● **Task item**:
In the records below, the relevant part opens with the line containing "El secretario de" and closes with the line containing "家に居る子持ち蓮華さん鉢の一"; print that part exactly and only, without its pictures.

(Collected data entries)
◇ ◇ ◇ ◇ ◇

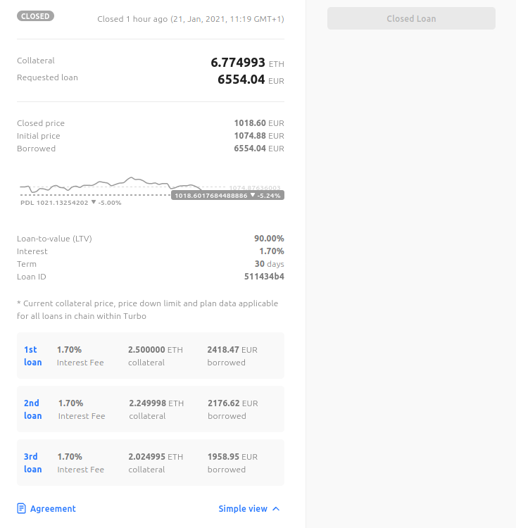Basically you get part of the money back in EUR (If you choose EUR as borrowed ticker) but the rest of your crypto is gone forever. So be aware that when choosing a -5% PDL you are taking an unusually high risk that can backfire in any moment, even if at the beginning is going up. To make a more visual example with my own bad technical analysis and failure, this was done with 2.5 ETH in January 22 aprox. in a moment where all Crypto was going down at least 10%:
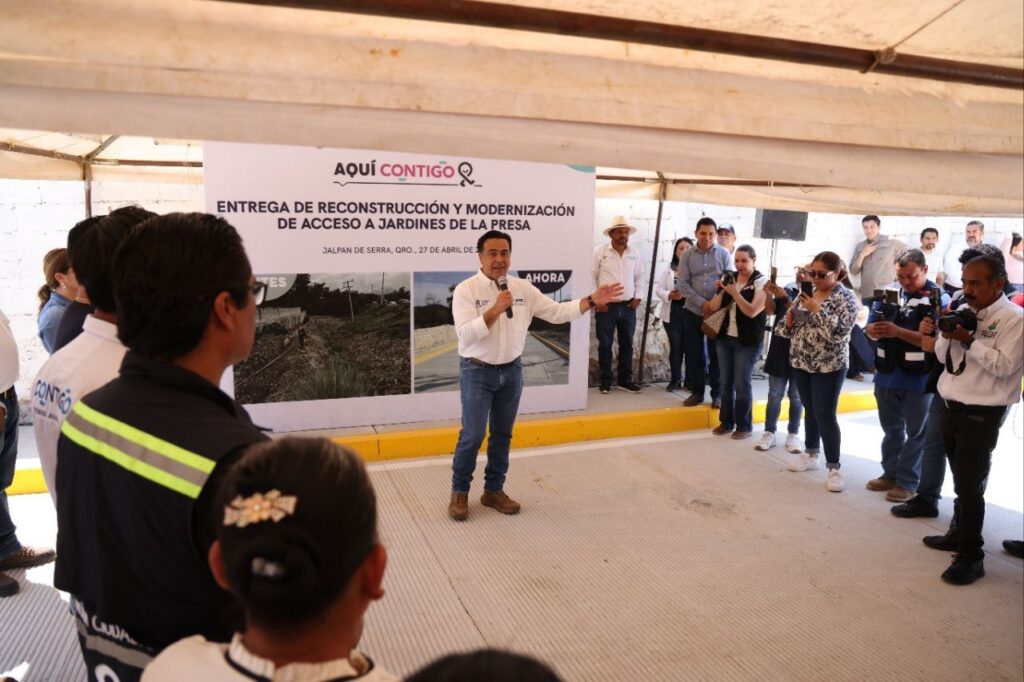 El secretario de Desarrollo Social, Luis Nava, encabezó la entrega de la obra de reconstrucción y rehabilitación del acceso a la colonia Jardines de la Presa, en el municipio de Jalpan de Serra, con una inversión de 4.5 millones de pesos, realizada con el objetivo de mejorar las condiciones de movilidad y calidad de vida de más de 12 mil habitantes; los trabajos incluyeron concreto hidráulico, drenaje pluvial, banquetas y un muro de contención.
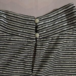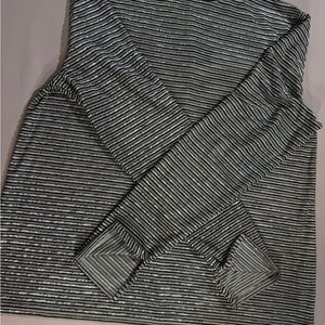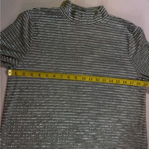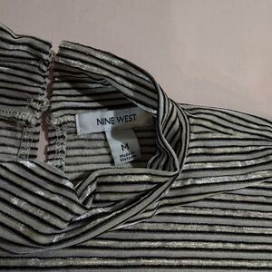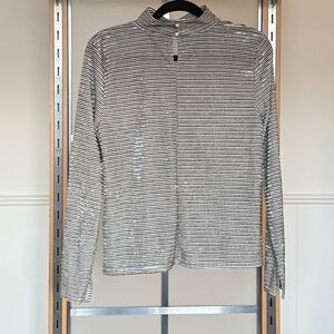 Chic and versatile long sleeve top from Nine West featuring a classic black and white striped pattern with a subtle shimmer finish. Designed with a mock neckline and a flattering fitted shape, making it perfect for work, casual wear, or layering.
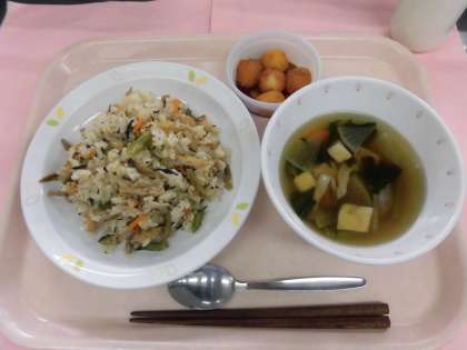 今日の献立 五目ごはん 牛乳 さといも汁 月見だんご
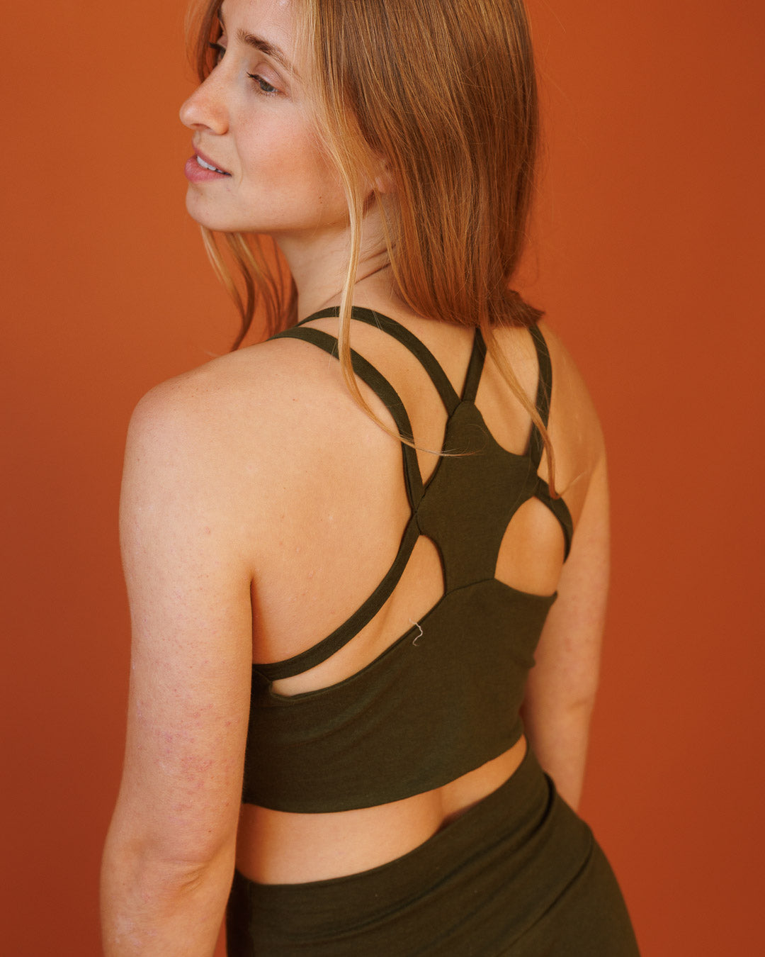 טופ כותנת לייקרה, מעוטר מעוין בגב בירוק זית
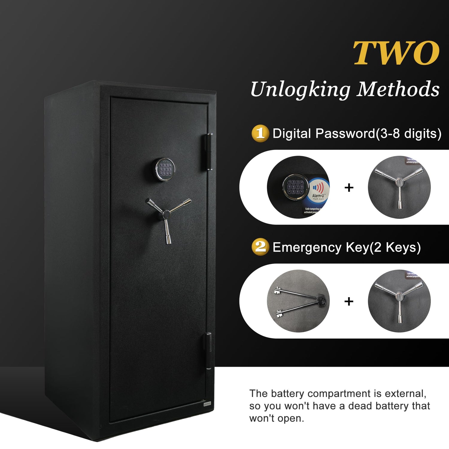 - 【Dual Access & External Battery】 – Quick-entry digital keypad + backup key for reliable access. External battery compartment allows easy replacement in emergencies
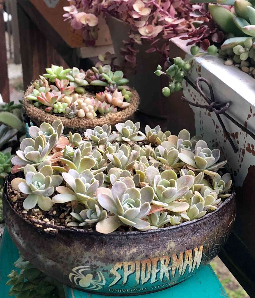 家に居る子持ち蓮華さん鉢の一つ💕スパイダーマンのサビ缶鉢♡夏に元気無くしてやっとここまで……
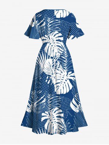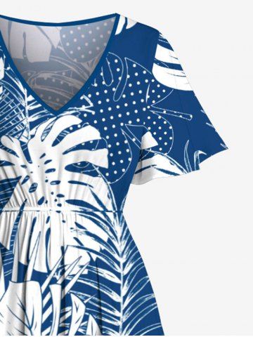 Tropical Leaf Dots Print Plus Size Matching Hawaii Beach Outfit For Couples - Azul - Azul

◇ ◇ ◇ ◇ ◇

● **Task response**:
 El secretario de Desarrollo Social, Luis Nava, encabezó la entrega de la obra de reconstrucción y rehabilitación del acceso a la colonia Jardines de la Presa, en el municipio de Jalpan de Serra, con una inversión de 4.5 millones de pesos, realizada con el objetivo de mejorar las condiciones de movilidad y calidad de vida de más de 12 mil habitantes; los trabajos incluyeron concreto hidráulico, drenaje pluvial, banquetas y un muro de contención.
 Chic and versatile long sleeve top from Nine West featuring a classic black and white striped pattern with a subtle shimmer finish. Designed with a mock neckline and a flattering fitted shape, making it perfect for work, casual wear, or layering.
 今日の献立 五目ごはん 牛乳 さといも汁 月見だんご
 טופ כותנת לייקרה, מעוטר מעוין בגב בירוק זית
 - 【Dual Access & External Battery】 – Quick-entry digital keypad + backup key for reliable access. External battery compartment allows easy replacement in emergencies
 家に居る子持ち蓮華さん鉢の一つ💕スパイダーマンのサビ缶鉢♡夏に元気無くしてやっとここまで……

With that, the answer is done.